Both their costs of living and their aspirations for the good things in life have grown. They have become less content with a life built around subsistence farming; that is, farming principally to feed themselves - selling whatever surplus there might be for a little cash or gold. Discontent has led India’s agriculture to drift into two directions, both aimed at producing ‘cash crops‘ that would give rural Indians the wherewithal to buy what they desire.  In India’s traditional ‘grain belt’ farmers have used newly developed grains (products of the ‘green revolution‘ of the 1970s) to increase their production of some, but not all, crops. They have concentrated on cereal grains and ignored much of what had been traditionally raised to feed the family. This has left them less self sufficient than they had been in the past and newly dependent on the cash earned by their crops. In parts of India less suitable to food crops, cotton culture has reigned supreme; but of course, farming this cash crop has created an even greater exposure to the risks created bycrop failures - as well as a new risk. Both grain and cotton farmers are now more exposed to the vagaries of market prices for their products than ever before.

As savers, Indian farmers have historically guarded themselves against crop failures by hoarding gold, very often in the form of gold jewelry. In traditional India when the failure of the monsoon, on which much of India’s agriculture depends, caused crops to fail, the gold was sold. If there was enough of it to pay the cost of feeding the family until the next harvest, the family survived. The rise of cash crop farming, however, has made even a fairly modest failure of monsoon rains a potential catastrophe. In drought conditions many Indian farmers have borrowed money, using their land as security, to sink irrigation wells. Without effective laws against usury, however, usurious interest on such loans have been the rule, not the exception; and this has often led to personal disaster.  Recently, for example, there has been a case in the Indian appeals courts involving a $280 loan that ballooned, through the application of huge interest, to almost $1900. Unable to make his payments, the farmer has lost his land; so indebtedness has become impoverishment  

Then there is the market. Between failures of the monsoon and the collapse of the world market price for cotton, the current situation of India’s cotton farmers is dire. While India’s per capita GDP is a bit more than $3000 per annum, the current value of the average Indian farmer’s cotton crop is most often less than one tenth of that. This has driven many into insuperable debt; and such debt and a consequent inability to feed their families has so shamed many that they have taken their own lives. In this way India’s better than 8% annual economic growth rate has led many of India’s rural poor to suicide.

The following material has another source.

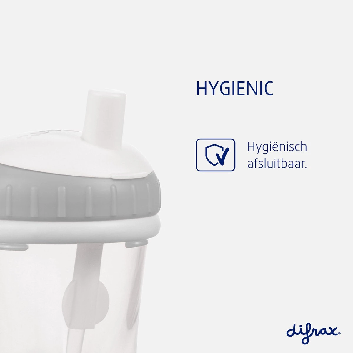 De drinkbeker heeft een zacht rietje met een speciaal geïntegreerd antileksysteem. Zodra je kind op het rietje zuigt, gaat het rietje open en stroomt de sap door het rietje.

Clearly, we Americans aren’t so bad off as many of us have thought; so we should feel free to celebrate life - and what better way than with a gift of fine jewelry? It has only one purpose in life, to say what sometimes we can’t put into words. That is, a beautiful and enduring piece of fine jewelry will tell the someone you share your life with just how much you care - every day, now and forever. So check out our website, hurstsberwynjewelers.com; then phone us at 708.788.0880 for an appointment to select the perfect gift. We’ll make it easy because we care. We’re Hursts’ Berwyn Jewelers and we have the stuff of dreams waiting here for you.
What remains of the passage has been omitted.